It seems the whole boxing world is split on who deserves the honor of Fighter of the Year for 2014. The more generous ones deem that Mauricio “Maestro” Herrera deserves it for his work inside the ring although he might not have gotten the decisions at the end of his fights. The more logical ones say that it should be Terence “Bud” Crawford who put together a very respectable campaign in the last twelve months. The more adventurous ones say Japanese wunderkind Noaya Inoue deserves the nod after a spectacular run this year with his three fights.
Herrera fought three times in 2014 going 1-2 but many believe that he deserved to go 3-0. His first fight was back in March in Bayamon, Puerto Rico, as what was seen as merely the foil for Danny Garcia’s “homecoming” to the island of his forefathers. Never mind that Garcia, the WBA and WBC light welterweight champion, was born in Philadelphia, PA, and doesn’t speak a lick of Spanish. Herrera does and also seemed to speak the language of boxing, as he was able to mostly outbox Garcia for twelve rounds in what seemed to be the upset of the year. The local judges thought otherwise as they shockingly gave the fight to Garcia via a majority decision.
Four months later in July Herrera captured the interim WBA junior welterweight title with another majority decision over Johan Perez on the undercard of Alvarez vs. Lara at the MGM Grand Arena. Herrera didn’t do anything different than before. He fought loyal of his style of multiple punches to the body and head while out thinking his opponent.
Herrera’s last fight of the year came only a couple of weeks ago at The Cosmopolitan in Las Vegas. Herrera was there to defend his interim WBA title against undefeated up and coming prospect Jose Benavidez Jr of Phoenix, AZ, in what was something of an unprecedented, at least for the last couple of years, fight. The bout was the semi-main event attraction on a Top Rank card despite Herrera being a Golden Boy Promotions fighter.

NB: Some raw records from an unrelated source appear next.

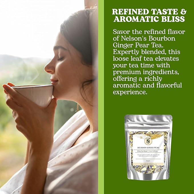 - SOPHISTICATED AND HARMONIOUS BLEND: Delight in the refined fusion of Nelson's Tea Bourbon Ginger Pear, featuring Green Rooibos, White Tea, and Ginger Root, accented with Elderflower, Cornflower, and dried Pears. This expertly curated blend delivers a smooth, aromatic experience with a hint of spice and subtle floral notes,
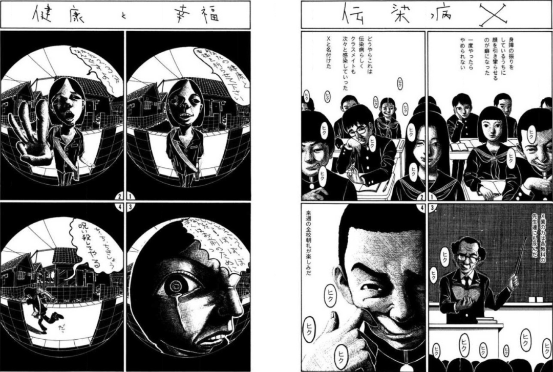 古屋兔丸从出道伊始就表现出了对于恐怖、怪异题材的极大热衷,其中戏仿、恶搞的行径层出不穷,互相杂糅。
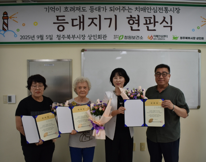 이날 청원보건소는 청주북부시장 치매안전망 구축에 적극 동참하는 상점 13곳을 치매안심등불로 지정하고, 대표자 3인에게 위촉장을 수여했다.
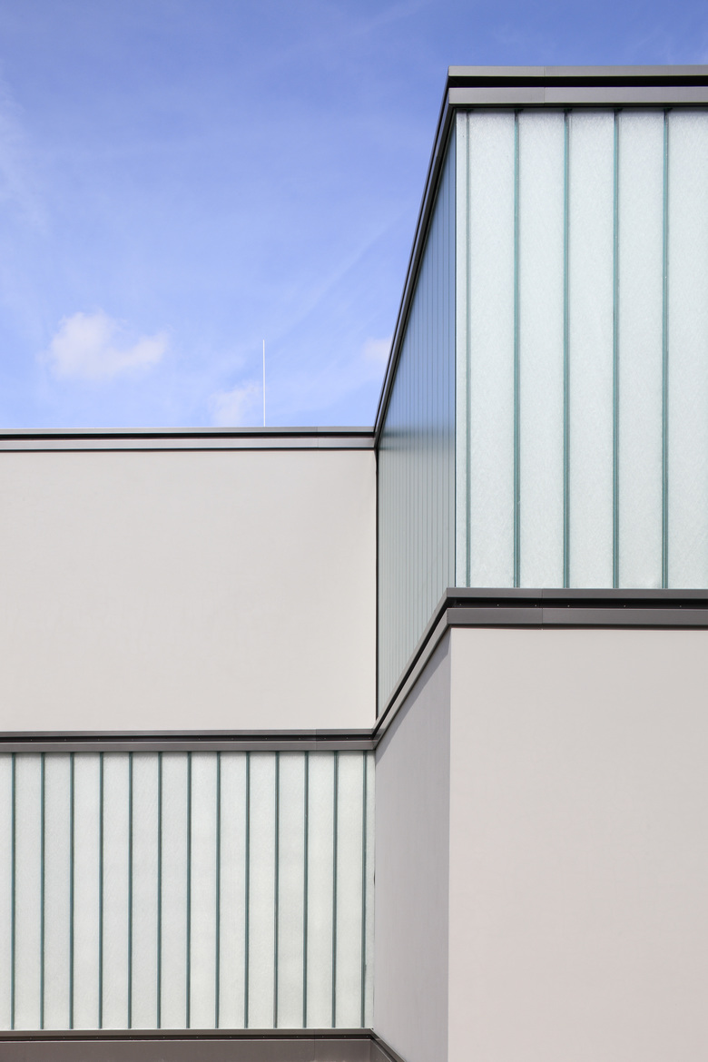 Der Neubau greift die offene Bauweise auf dem Campus auf. Farben und Materialien orientieren sich an den vorhandenen, teilweise historischen Bauten. Über einen geschlossenen Verbindungsgang ist der benachbarte Altbau zu erreichen, in dem die eigentlichen Experimente durchgeführt werden. Hier befinden sich die sanierten Labore mit Mess- und Auswerteplätzen sowie Büroräume.
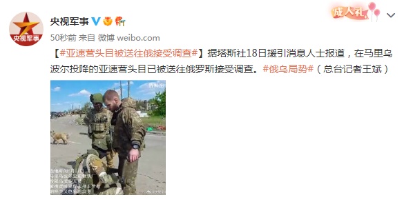 據(jù)塔斯社18日援引消息人士報(bào)道,在馬里烏波爾投降的亞速營(yíng)頭目已被送往俄羅斯接受調(diào)查。(總臺(tái)記者王斌)
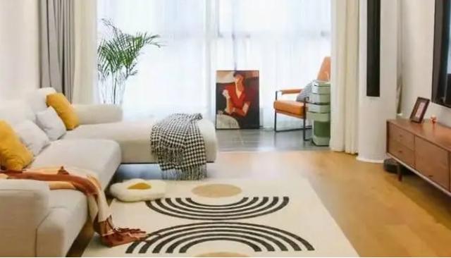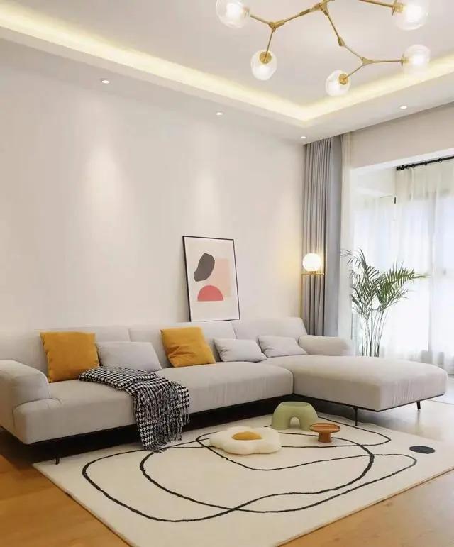 l型转角沙发从舒适出发,提供舒适大方的家居体验感。铺上毛茸茸的地毯。地毯柔软的触感和温暖的体验让整个人身心都感到放松。
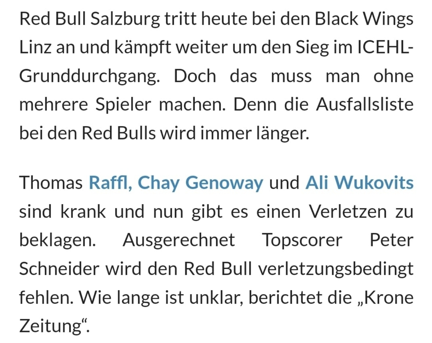 - Mit Raffl, Schneider & Genoway fehlen ganz wichtige Torschützen
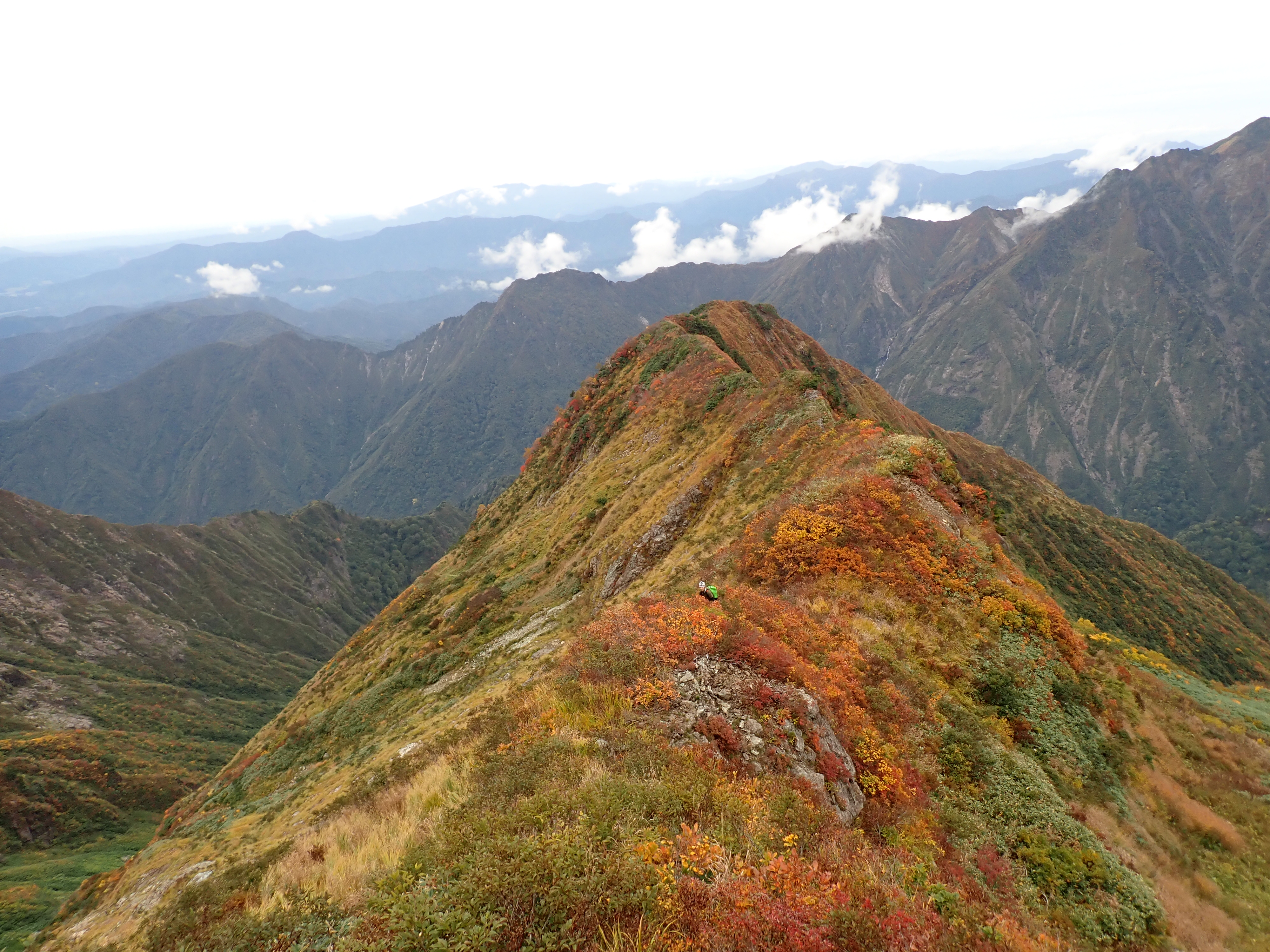 紅葉最盛期の八海山を眺めながら優雅な尾根歩き。
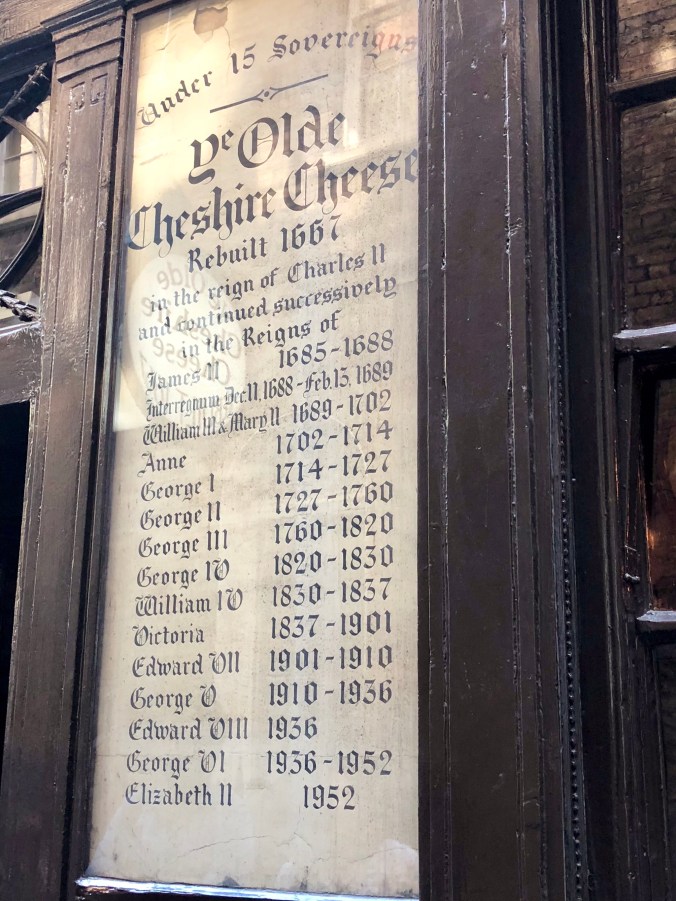 In a narrow alley just off Fleet Street is Ye Olde Cheshire Cheese, which lays claim to being one of the oldest pubs in London. There has been a pub in this location since 1538, and the current structure was built immediately following the Great Fire. Maybe not the oldest, but plenty old!
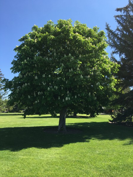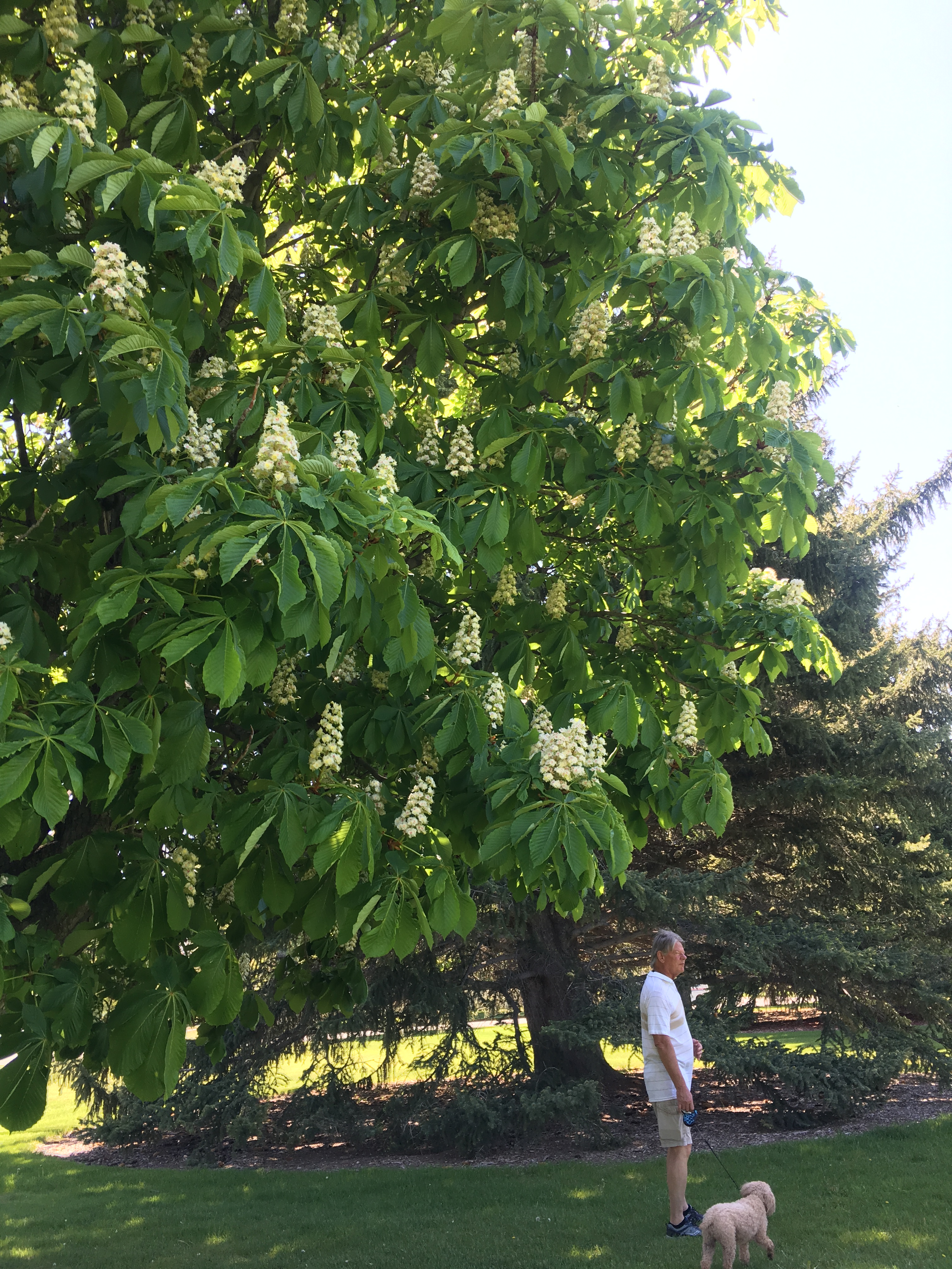 There’s a giant white horse chestnut tree in nearby Tautphaus Park, blooms in early June. I have missed it some years…
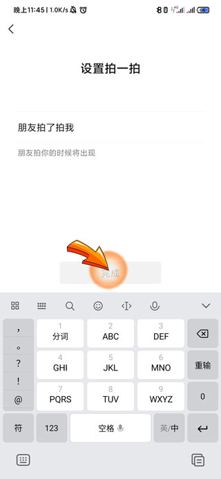 4、设置完拍一拍内容后,点击页面下方的“完成”选项即可。
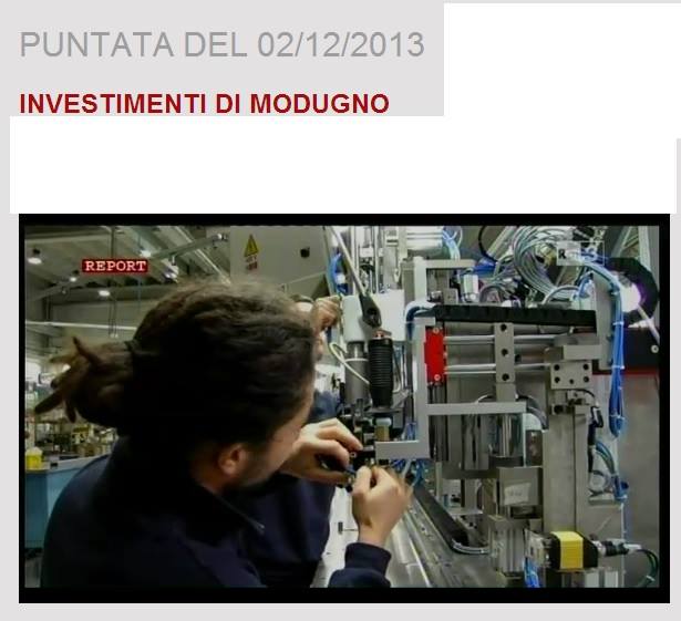 PER CHI SI E’ PERSO LA PUNTATA DI IERI SULLA MECCATRONICA PUGLIESE Report, Rai 3 – 2 dicembre 2013 Pubblicato da:Rino Scoppio 5 dicembre 2013 — Lascia un commento Ecco il servizio di Report: http://www.report.rai.it/…/ContentItem-bc21d88e-318e… Condividi questo articolo sui Social NetworkTweet Fai clic per condividere su Youtube (Si apre in una nuova finestra) Youtube Fai clic per condividere su Flickr (Si apre in una nuova finestra) Flickr Fai clic per condividere su Pinterest (Si apre in una nuova finestra) Pinterest Fai clic per condividere su Slideshare (Si apre in una nuova finestra) Slideshare Fai clic per condividere su Google + (Si apre in una nuova finestra) Google + Mi piace Caricamento... Correlati

Herrera proved to be too much for the young twenty-two year old Benavidez who spent the majority of the fight against the ropes. Benavidez did score the harder punches but Herrera was the busier of the two and seemed to control the majority of the action. Despite of that Benavidez was shockingly not only given the decision but the belt with a unanimous decision. There is no way this fight should have been a draw let alone a majority decision for Benavidez.
On the strength of those two robbed decisions many boxing fans think that Herrera should get Fighter of the Year honors but boxing just doesn’t work that way. By this time this year there will be a new batch of botched decisions to complain about.
Hopefully Mauricio Herrera is not the victim of them again.